Lo ha scritto in una nota l’assessore regionale all’Energia, Nicolò Marino, riferendosi al gruppo Catanzaro Costruzioni Srl dell’imprenditore Giuseppe Catanzaro, vice presidente di Confindustria Sicilia, che nei giorni scorsi ha preannunciato una querela proprio nei confronti del componente della giunta Crocetta. “Chiuderemo presto con il passato – ha aggiunto Marino – non accadrà più che l’amministrazione della cosa pubblica in Sicilia determini condizioni di oligopolio o monopolio privato nel ‘pubblico servizio’ della gestione delle discariche: anzi, si stanno valutando gli atti amministrativi che hanno scelleratamente consentito questa anomalia del sistema. Per il presente non potranno più essere mantenute in Sicilia discariche non dotate di impiantistica secondo quanto previsto dalle direttive comunitarie esistenti, pena la revoca delle autorizzazioni rilasciate”. Il gruppo Catanzaro gestisce la discarica di contrada Matarana tra Siculiana e Montallegro.
“Questa Amministrazione – ha detto l’assessore Marino – è ben a conoscenza che nel lontano 1995 la Catanzaro Costruzioni s.r.l. ebbe ad aggiudicarsi il servizio per la gestione della discarica di Siculiana in associazione temporamea di imprese con la Forni ed Impianti industriali Ing. De Bartolomeis S.p.a. di Milano (l’unica in possesso dei requisiti per la partecipazione alla gara), questa ultima coinvolta successivamente nell’inchiesta “Trash” della DDA di Palermo, per vicende connesse alla turbativa d’asta in gare per discariche, depuratori ed altri impianti di smaltimento, inchiesta culminata finanche nell’arresto del suo direttore generale, Massimo Tronci, per il reato di associazione per delinquere di stampo mafioso, risultato in rapporti di affari con Riina Salvatore, Buscemi Antonio, Lipari Giuseppe, Virga Vincenzo, Nania Filippo, Brusca Giovanni e Siino Angelo”.

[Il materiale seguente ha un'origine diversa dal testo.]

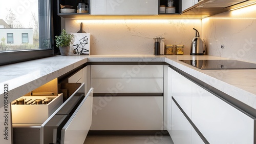 Modern kitchen with white cabinets and sleek countertops. Open drawer reveals organized utensils. Light streams in from a window.

“Questa Amministrazione – ha aggiunto Marino – è ben a conoscenza della partecipazione della Catanzaro Costruzioni S.r.l. alla gara dei Termovalorizzatori nella quale, come sottolinea il T.A.R. Palermo nelle sentenze del 7/30 maggio 2013 nn. 1197/2013, 1199/2013, 1193/2013: “… nel caso concreto, che l’intera procedura è stata condizionata ab origine, da un illegittimo accordo tra le imprese partecipanti per la spartizione territoriale del servizio e per la formulazione di offerte dai contenuti certamente pilotati e non frutto di libere valutazioni di carattere imprenditoriale. In un contesto del genere, qualsiasi prospettiva di libera concorrenza è, di per sé inesistente o fortemente vanificata, con il risultato che l’amministrazione pubblica non può accollare sulle sue spalle, e, giocoforza, su quelle dei contribuenti, la spesa necessaria per lo svolgimento di un servizio di fondamentale importanza per la collettività. E’, con tutta evidenza, il frutto non solo di un sicuro scambio di informazioni, ma addirittura di una preparazione a tavolino del concreto contenuto delle singole offerte, limato al punto tale da non lasciare scoperto neanche uno dei 25 ATO presente sul territorio, evitando, al contempo, l’intersezione delle offerte medesime”.